Таковы были, скажем, «метельная проза» Б. Пильняка или словесные монтажи Артема Веселого, в которых отразились формалистические издержки исканий, перекочевавших из 1900-х годов в годы 1920-е. Прочитав отрывки из «Вольницы» Артема Веселого, перепечатанные «молодыми» эмигрантами в журнале «Версты», старый писатель обрушился именно на «выкрутасы», видя в них измену реализму: «…страниц двадцать какого-то сплошного лая, напечатанного с таким типографским распутством, которое далее Ремизову никогда не снилось: на страницу хочется плюнуть – такими пирамидами, водопадами, уступами, змееподобными лентами напечатаны на ней штуки, вроде, например, следующих: «Гра, Бра, Вра, Дра, Зра с кровью, с мясом, с шерстью…» Что это значит и кого теперь удивишь этим?» Видимо, тогда довольно влиятельные силы пытались выдать перепевы предреволюционного модернизма за новое слово в искусстве, отвергающем «генералов классики».
В самой Советской России – деятели Пролеткульта, футуристы «Лефа», а затем и многие рапповцы придерживались нигилистического отношения к наследию прошлого. В противовес им художники-реалисты, а среди них – М. Горький, не уставали повторять, как важна учеба у классиков, как необходимы для молодого искусства «уроки реализма».

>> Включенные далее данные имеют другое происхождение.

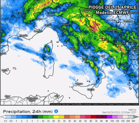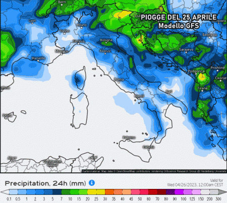 Le precipitazioni coinvolgerebbero dapprima il nord (principalmente il Nordest) al mattino, per poi estendersi anche al centro Italia e al sud tra pomeriggio e sera. Al mattino, pertanto, potrebbero esserci cieli sereni o poco nuvolosi su gran parte del centro e del sud in attesa del peggioramento nelle ore successive. Queste le piogge totali previste nel corso di martedì 25 dal modello americano GFS:
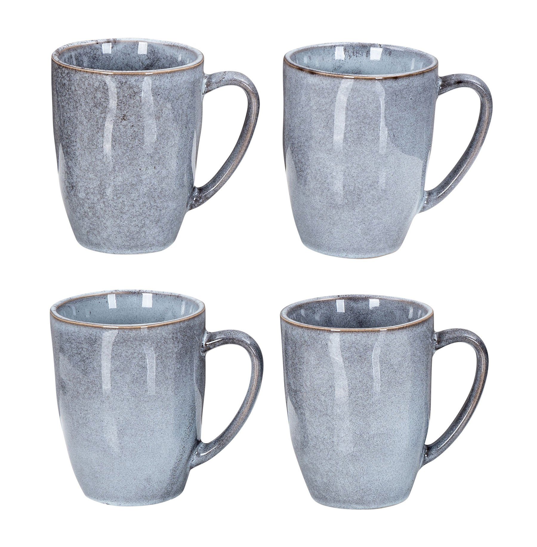 - Material der Tassen: Steingut - Farbe der Gefäße: Blau, grau - Fassungsvermögen je Tasse: ca. 350 ml - Maße der Becher B x H x T: je ca. 9 x 9 x 9 cm - Mit Henkel - geeignet für Spülmaschine und Mikrowelle - Sie erhalten das abgebildete 4er Set Kaffeebecher in der Farbe Blau (ohne Deko)
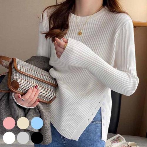 [굿쇼핑몰_의류]여성 버튼 골지라운드니트 티셔츠
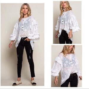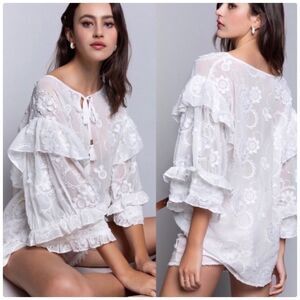 A great brunch outing top to wear in our embrodiered floral woven top. Designed with a relaxed boxy fit , round boat neckline with self ribbon tassel tie on the front, 3/4" wide sleeve with ruffle detailing and finished with clean hem.

Именно в ту пору, когда бесповоротно нарушились их дружеские отношения и Бунин осыпал ядовитой бранью недавнего товарища, Горький постоянно напоминал молодым советским литераторам: «Побольше читайте хороших мастеров словесности: Чехова, Пришвина, Бунина, «Деревню», Лескова – отличнейший знаток русской речи». Или: «Леф» убеждает молодежь не учиться у классиков, это – совершенно напрасно. Литературной технике, языку надобно учиться именно у Толстого, Гоголя, Лескова, Тургенева, к ним бы я прибавил и Бунина, Чехова, Пришвина» («О пользе грамотности»). И в письмах начинающим писателям призывал изучать с эстетической стороны и «не боясь никаких «идеологических уклонов» стариков – Гоголя, Толстого, Лескова, Чехова, Бунина, – умейте понять, чем они сильны, в чем обаяние их искусства».

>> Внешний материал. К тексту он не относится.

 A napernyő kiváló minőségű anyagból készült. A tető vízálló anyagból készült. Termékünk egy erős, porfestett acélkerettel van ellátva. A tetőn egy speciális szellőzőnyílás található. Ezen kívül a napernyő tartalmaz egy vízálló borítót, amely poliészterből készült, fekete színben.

Как видно, и тогда, и позже связь Бунина с русской литературой не прерывалась, напоминая о себе по разным поводам в произведениях И. С. Соколова-Микитова, Б. Пильняка, И. Вольнова, В. Катаева, К. Паустовского, Н. Смирнова и т. д.

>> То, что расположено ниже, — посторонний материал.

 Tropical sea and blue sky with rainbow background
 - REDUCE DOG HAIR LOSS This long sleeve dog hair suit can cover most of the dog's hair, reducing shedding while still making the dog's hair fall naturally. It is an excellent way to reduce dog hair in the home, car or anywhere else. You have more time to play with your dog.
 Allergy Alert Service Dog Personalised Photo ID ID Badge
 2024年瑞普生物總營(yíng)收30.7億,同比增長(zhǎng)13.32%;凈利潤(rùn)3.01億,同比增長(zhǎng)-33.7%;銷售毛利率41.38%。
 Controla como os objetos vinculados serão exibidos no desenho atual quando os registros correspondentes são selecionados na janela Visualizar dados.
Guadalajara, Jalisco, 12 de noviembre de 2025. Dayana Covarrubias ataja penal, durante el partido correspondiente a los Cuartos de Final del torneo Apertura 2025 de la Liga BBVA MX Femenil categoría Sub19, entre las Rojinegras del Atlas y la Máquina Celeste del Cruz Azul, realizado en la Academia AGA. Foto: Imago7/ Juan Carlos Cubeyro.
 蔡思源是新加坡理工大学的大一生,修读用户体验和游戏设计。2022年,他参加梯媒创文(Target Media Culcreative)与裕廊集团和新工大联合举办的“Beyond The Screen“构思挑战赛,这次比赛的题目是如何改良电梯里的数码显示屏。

Она проявлялась даже через негативное – в спорах с Буниным и в отталкивании от него (некоторые рассказы 1920-х годов В. Катаева, в том числе прямо направленный против него рассказ «Золотое перо»). Враждебные Бунину тенденции не могли, однако, с ним не считаться и просто его обходить: он был и оставался неотъемлемой частью русской культуры. Один Бунин, как и один Рахманинов, один Шаляпин, один Алехин и т. д. значили для России много. Более того. Авторитет «старомодного» Бунина использовался в непрекращающемся споре для «объективной», читай – оправдательной оценки русского модернизма. Попытка «повенчать» реализм с модерном, с апелляцией к «единому» искусству, чрезвычайно характерна и для многих позднейших оценок Бунина-художника. Едва ли не самым здесь показательным может служить, к примеру, творчество В. Катаева.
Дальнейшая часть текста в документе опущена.